## RECORDED INFORMATION
- - -

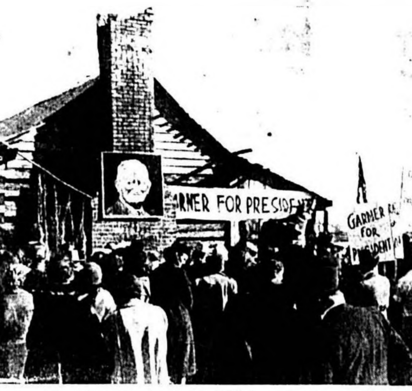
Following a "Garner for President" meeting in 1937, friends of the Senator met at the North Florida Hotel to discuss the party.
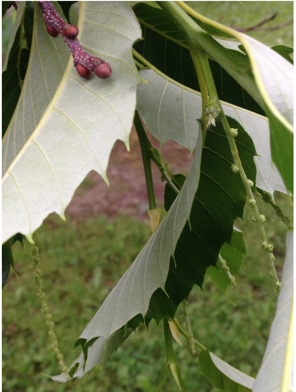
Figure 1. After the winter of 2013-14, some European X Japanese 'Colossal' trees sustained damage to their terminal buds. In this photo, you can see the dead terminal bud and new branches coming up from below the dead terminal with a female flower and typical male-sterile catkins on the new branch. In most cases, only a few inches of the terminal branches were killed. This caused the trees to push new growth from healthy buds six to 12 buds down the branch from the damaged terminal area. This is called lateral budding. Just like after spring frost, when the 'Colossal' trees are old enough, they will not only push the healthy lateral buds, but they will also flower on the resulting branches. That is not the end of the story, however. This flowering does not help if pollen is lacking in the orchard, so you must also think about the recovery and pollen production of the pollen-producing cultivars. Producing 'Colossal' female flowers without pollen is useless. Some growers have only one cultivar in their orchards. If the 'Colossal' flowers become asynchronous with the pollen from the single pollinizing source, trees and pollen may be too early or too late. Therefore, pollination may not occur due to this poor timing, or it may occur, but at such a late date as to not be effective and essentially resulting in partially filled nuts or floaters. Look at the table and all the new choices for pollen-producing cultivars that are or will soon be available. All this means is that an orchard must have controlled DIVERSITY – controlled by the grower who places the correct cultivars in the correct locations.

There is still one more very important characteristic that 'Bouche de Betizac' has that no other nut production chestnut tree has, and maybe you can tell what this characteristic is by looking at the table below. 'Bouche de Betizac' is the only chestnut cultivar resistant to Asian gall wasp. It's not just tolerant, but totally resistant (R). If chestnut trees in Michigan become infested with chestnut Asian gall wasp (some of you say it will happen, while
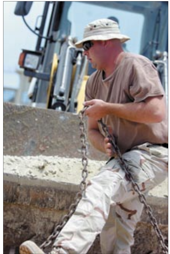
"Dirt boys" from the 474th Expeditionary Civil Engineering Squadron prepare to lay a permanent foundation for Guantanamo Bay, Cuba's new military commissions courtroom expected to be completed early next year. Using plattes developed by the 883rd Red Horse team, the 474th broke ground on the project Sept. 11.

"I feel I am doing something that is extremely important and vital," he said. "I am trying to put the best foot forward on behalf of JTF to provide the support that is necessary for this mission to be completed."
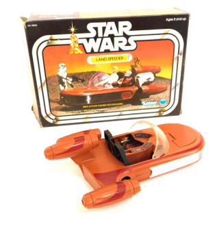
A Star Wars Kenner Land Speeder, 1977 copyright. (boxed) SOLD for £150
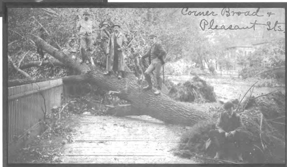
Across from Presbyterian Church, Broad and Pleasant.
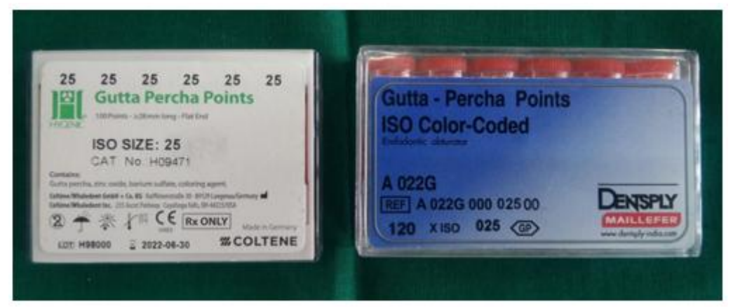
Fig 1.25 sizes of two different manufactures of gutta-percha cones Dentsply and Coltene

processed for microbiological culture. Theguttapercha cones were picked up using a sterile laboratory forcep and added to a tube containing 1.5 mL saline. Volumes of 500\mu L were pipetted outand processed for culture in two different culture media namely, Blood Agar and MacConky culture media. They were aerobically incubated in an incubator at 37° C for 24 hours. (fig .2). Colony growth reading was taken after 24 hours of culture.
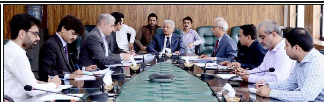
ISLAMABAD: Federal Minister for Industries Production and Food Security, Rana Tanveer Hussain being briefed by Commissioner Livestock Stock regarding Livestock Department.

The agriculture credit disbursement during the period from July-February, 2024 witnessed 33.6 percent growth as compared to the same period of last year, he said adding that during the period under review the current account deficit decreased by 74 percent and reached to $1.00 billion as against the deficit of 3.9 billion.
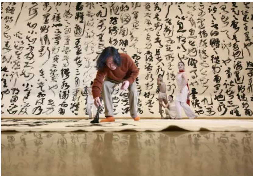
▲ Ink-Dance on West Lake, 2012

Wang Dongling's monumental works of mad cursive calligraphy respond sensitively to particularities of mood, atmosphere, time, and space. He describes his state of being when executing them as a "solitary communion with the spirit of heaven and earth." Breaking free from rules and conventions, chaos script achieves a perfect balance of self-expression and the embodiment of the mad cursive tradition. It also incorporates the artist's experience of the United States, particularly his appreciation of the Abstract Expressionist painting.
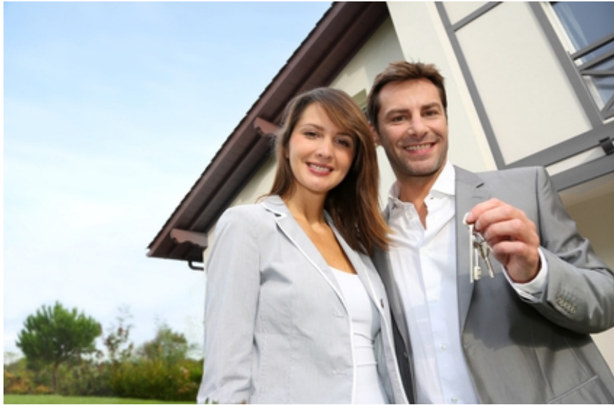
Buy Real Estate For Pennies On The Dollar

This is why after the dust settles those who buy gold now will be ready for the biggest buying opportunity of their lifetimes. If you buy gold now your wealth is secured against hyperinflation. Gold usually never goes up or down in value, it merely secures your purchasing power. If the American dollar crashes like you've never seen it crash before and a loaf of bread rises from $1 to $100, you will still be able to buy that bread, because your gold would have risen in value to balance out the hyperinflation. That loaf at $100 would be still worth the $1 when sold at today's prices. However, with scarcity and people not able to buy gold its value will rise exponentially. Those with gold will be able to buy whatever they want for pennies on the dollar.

- - -

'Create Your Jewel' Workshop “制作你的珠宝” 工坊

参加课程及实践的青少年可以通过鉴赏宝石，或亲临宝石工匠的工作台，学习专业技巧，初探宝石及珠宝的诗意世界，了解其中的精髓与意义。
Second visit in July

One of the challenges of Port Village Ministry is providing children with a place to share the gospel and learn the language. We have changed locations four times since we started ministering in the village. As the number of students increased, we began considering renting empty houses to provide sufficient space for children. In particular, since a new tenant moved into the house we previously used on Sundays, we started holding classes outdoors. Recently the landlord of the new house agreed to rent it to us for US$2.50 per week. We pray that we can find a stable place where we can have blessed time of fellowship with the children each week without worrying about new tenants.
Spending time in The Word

- - -

## EXERCISE GOAL
Copy word for word the stretch of entries above from the line that has "Your Jewel' Workshop" through the line that has "Spending time in The Word", both ends included, and nothing outside it.

## SOLUTION TO THE PROBLEM
'Create Your Jewel' Workshop “制作你的珠宝” 工坊

参加课程及实践的青少年可以通过鉴赏宝石，或亲临宝石工匠的工作台，学习专业技巧，初探宝石及珠宝的诗意世界，了解其中的精髓与意义。
Second visit in July

One of the challenges of Port Village Ministry is providing children with a place to share the gospel and learn the language. We have changed locations four times since we started ministering in the village. As the number of students increased, we began considering renting empty houses to provide sufficient space for children. In particular, since a new tenant moved into the house we previously used on Sundays, we started holding classes outdoors. Recently the landlord of the new house agreed to rent it to us for US$2.50 per week. We pray that we can find a stable place where we can have blessed time of fellowship with the children each week without worrying about new tenants.
Spending time in The Word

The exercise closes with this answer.